Below, locate the line that contains "A grande celebração". Repeat exactly from that line to the line that contains "Альфа-Банк по адресу", inclusive, leaving out the pictures.
Start of Records shown
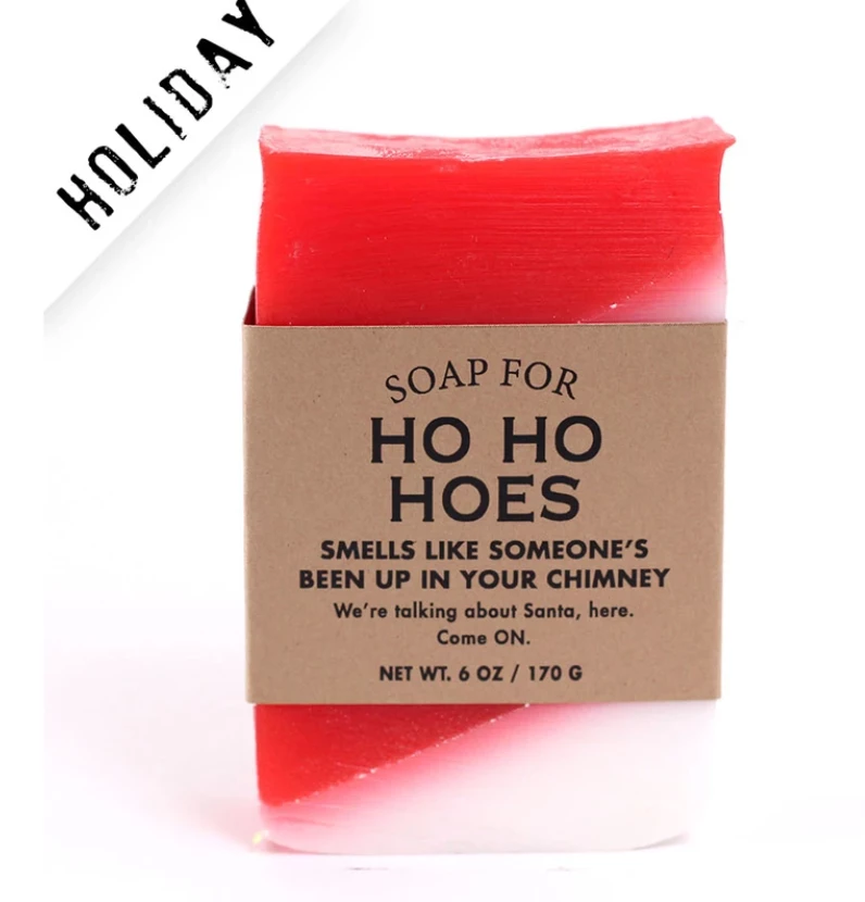 You know the best thing about the holidays? All the ho-ho-hoeing going on. It’s why they call it the most magical time of the year. And when I saw this soap, I immediately thought of you. Who wouldn’t? When it comes to hoeing, you’re up there with the best of them. That’s why everyone invites you to parties. (Oh, and hey. I wasn’t calling you names or anything. I’m just jolly like that.)
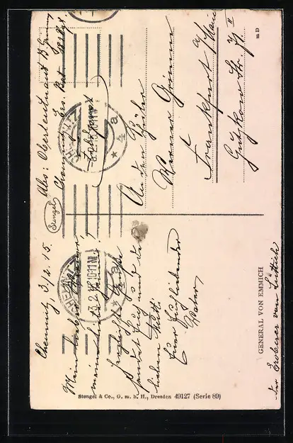 alte Ansichtskarte, gelaufen 1915, Eckknicke li. unten u. re. oben, Stempelspur, guter Zustand
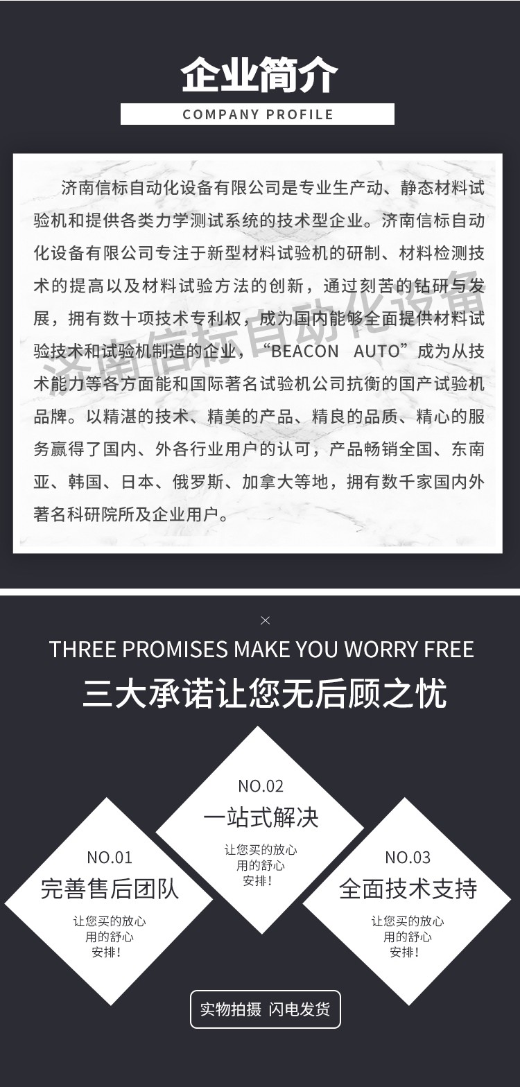 濟(jì)南信標(biāo)自動化設(shè)備有限公司主要生產(chǎn):動靜態(tài)萬能疲勞試驗(yàn)機(jī),接骨板彎曲試驗(yàn)機(jī),縫合線拉伸疲勞試驗(yàn)機(jī),髖膝關(guān)節(jié)磨損試驗(yàn)機(jī),電子萬能試驗(yàn)機(jī)、液壓萬能試驗(yàn)機(jī)、巖石三軸、四軸,電液拉力試驗(yàn)機(jī),材料試驗(yàn)機(jī),高低溫蠕變,高低頻疲勞,拉伸、扭轉(zhuǎn)、杯突等二十多個(gè)系列兩千多個(gè)的品種。 |
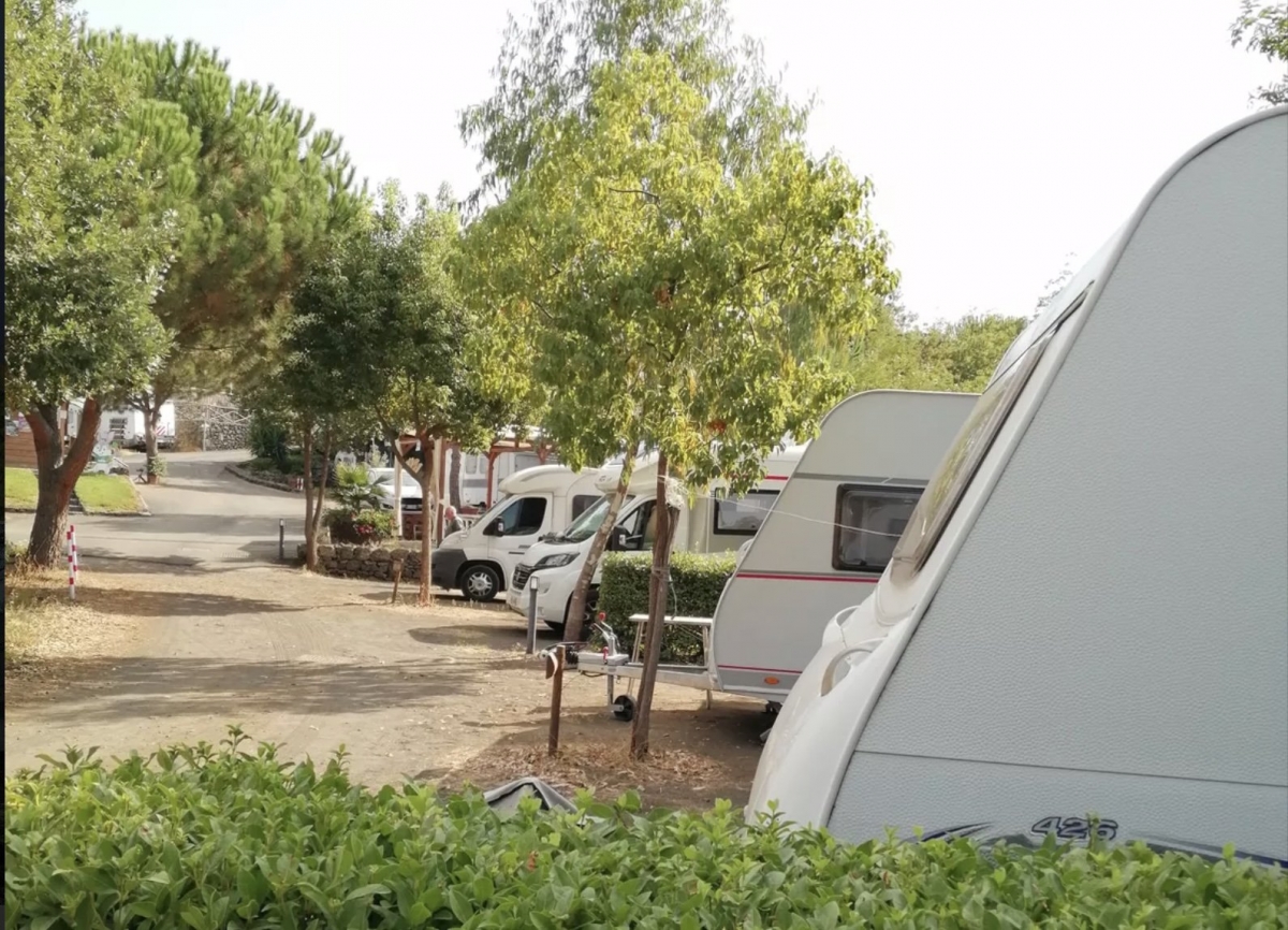 Struttura disposta su grandi terrazzamenti soleggiati e all'ombra, con piazzole camper, caravan e tende 60-80 mq, delimitate da alberi ad alto fusto e siepi Ogni piazzola è dotata di colonnine con allaccio elettrico da 6A e rubinetto di acqua potabile. Sono presenti: camper service per i clienti interni ed itineranti, gruppo servizi sanitari uomo/donna con acqua calda e docce, lavelli stoviglie, lavatoi e lava piedi, zona BBQ con sei postazioni separate e tavoli da picnic, uno spazio verde attrezzato con giochi per bambini, zona dedicata alla raccolta differenziata, parcheggio interno custodito per auto e moto.
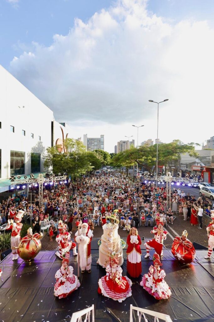 A grande celebração acontece em frente ao Shopping, na Avenida São Paulo, onde será montado um palco para o espetáculo de Natal “Em busca do brinquedo perfeito”, que começa às 17h. A apresentação teatral, repleta de encanto e emoção, marcará o aguardado momento da chegada do Papai Noel. Antes disso, o público será recebido pela fanfarra da APAE, que levará ritmo e alegria à abertura do evento.
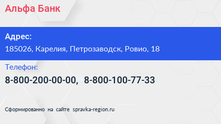 Альфа-Банк по адресу 185026, Карелия, Петрозаводск, Ровио, 18 в дальнейшем Организация, размещена в следующих категориях:
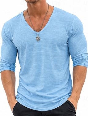 Pánské Tričko Tričko Top Dlouhý rukáv Do V Léto Jaro Bez vzoru Módní Designové Lehký Klasika Měkké Dovolená ulice Jdeme ven Černá Nebeská modř Fialová Top tričko pro muže
End of Records shown
## Result of the task
 A grande celebração acontece em frente ao Shopping, na Avenida São Paulo, onde será montado um palco para o espetáculo de Natal “Em busca do brinquedo perfeito”, que começa às 17h. A apresentação teatral, repleta de encanto e emoção, marcará o aguardado momento da chegada do Papai Noel. Antes disso, o público será recebido pela fanfarra da APAE, que levará ritmo e alegria à abertura do evento.
 Альфа-Банк по адресу 185026, Карелия, Петрозаводск, Ровио, 18 в дальнейшем Организация, размещена в следующих категориях:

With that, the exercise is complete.